Spotify is undergoing another round of layoffs, this time impacting a major pillar of the company’s growth strategy: its podcast division.
Sahar Elhabashi, the head of Spotify’s podcast unit, said in an email to staff that the cuts would impact roughly 200 people, or 2% of total staff.
In Q1, Spotify’s podcast ad revenue was up by roughly 20% year-over-year, which the company said was driven by impression and CPM growth for its original and exclusive podcasts. In his email to staff, Elhabashi said the company would be expanding its partnership efforts in a way that was “tailored” to each show and creator.
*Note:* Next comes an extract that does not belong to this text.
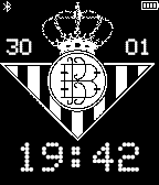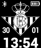 A watchface for supporters of Real Betis soccer club, with time and date. Improved visibility of time and date. Bigger icons for bluetooth and battery. Manque pierda!
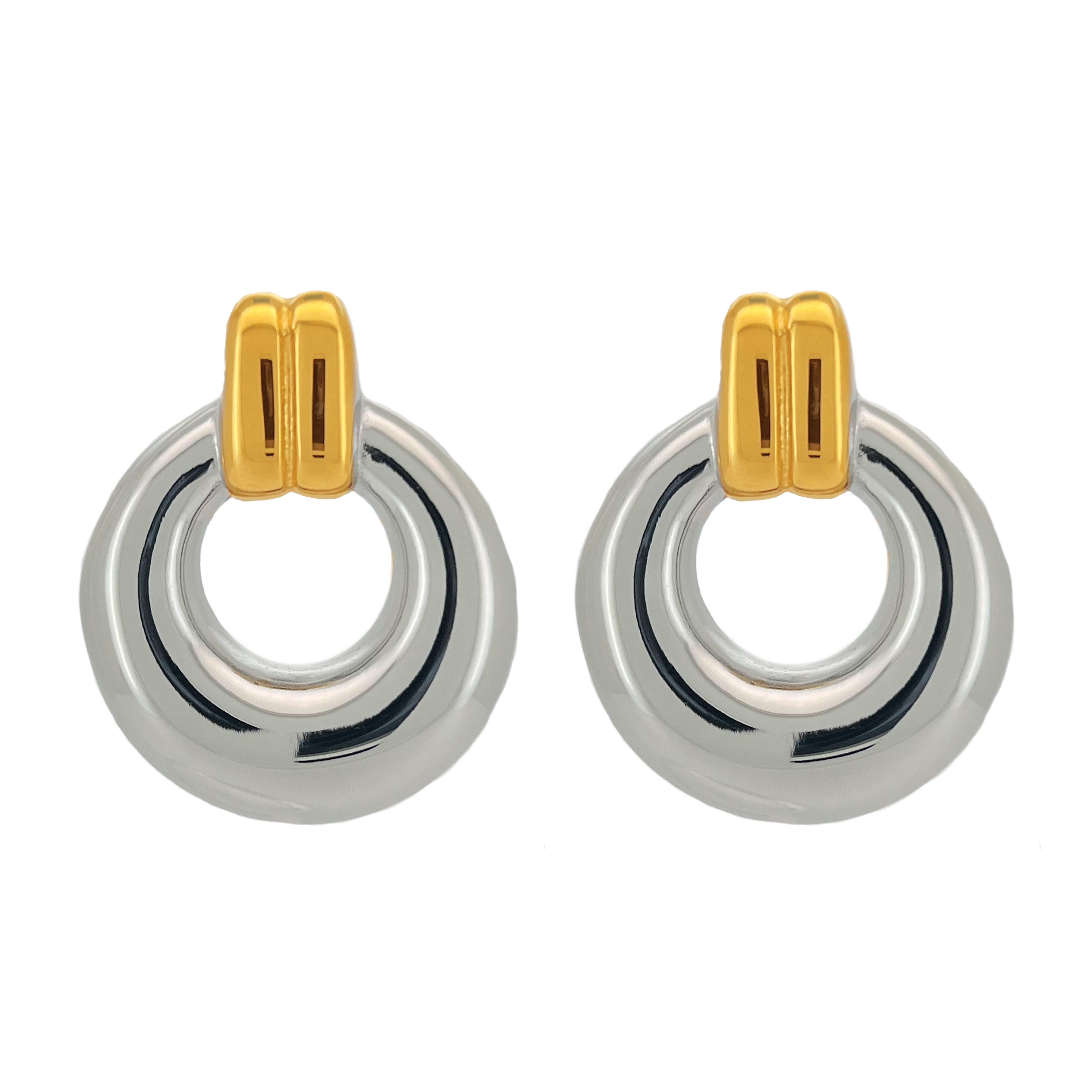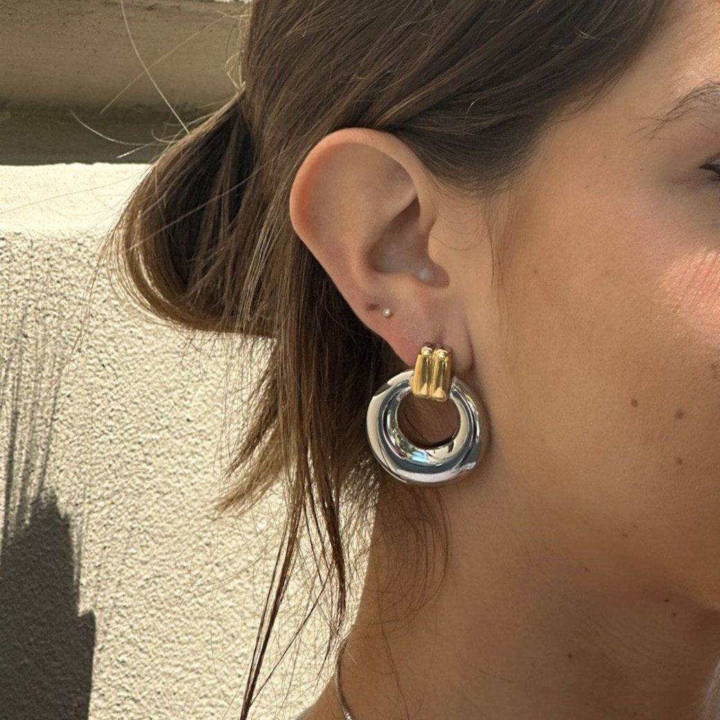Introducing the Coraline Earrings - featuring a chic two-toned design with a polished silver-tone circular hoop complemented by a sleek gold accent at the top. Their unique blend of silver and gold tones adds versatility, making these earrings a perfect match for any jewelry collection. With a modern yet timeless style, the Coraline Earrings are ideal for elevating both casual and formal looks.

“This fundamental pivot from a more uniform proposition will allow us to support the creator community better,” Elhabashi wrote. “However, doing so requires adapting; over the past few months, our senior leadership team has worked closely with HR to determine the optimal organization for this next chapter.”
In addition to deals with high-profile personalities like Joe Rogan, Spotify’s podcast strategy has also included acquiring studios such as Gimlet, Parcast and The Ringer. In addition to layoffs, Spotify announced that it would be combining the operations of Gimlet (which produces shows such as Science Vs. and Heavyweight) and Parcast (which produces a range of true crime, mystery and history programs). The combined Spotify Studios division will continue to produce new shows, with a greater focus on “always-on” programming that drives more listener loyalty and advertiser interest (Gimlet shows, in particular, tend to take a seasonal approach, with extended gaps in between as the next round of episodes is produced).
Earlier this year, Spotify laid off 6% of its staff, including chief content and advertising business officer Dawn Ostroff, who had been credited with leading the company’s podcasting push.
Many digital media companies have struggled in 2023 amid economic pressures and lagging advertiser demand. In April, Vice’s audio team was let go as part of wider layoffs at the company, which came just weeks before it filed for bankruptcy protection.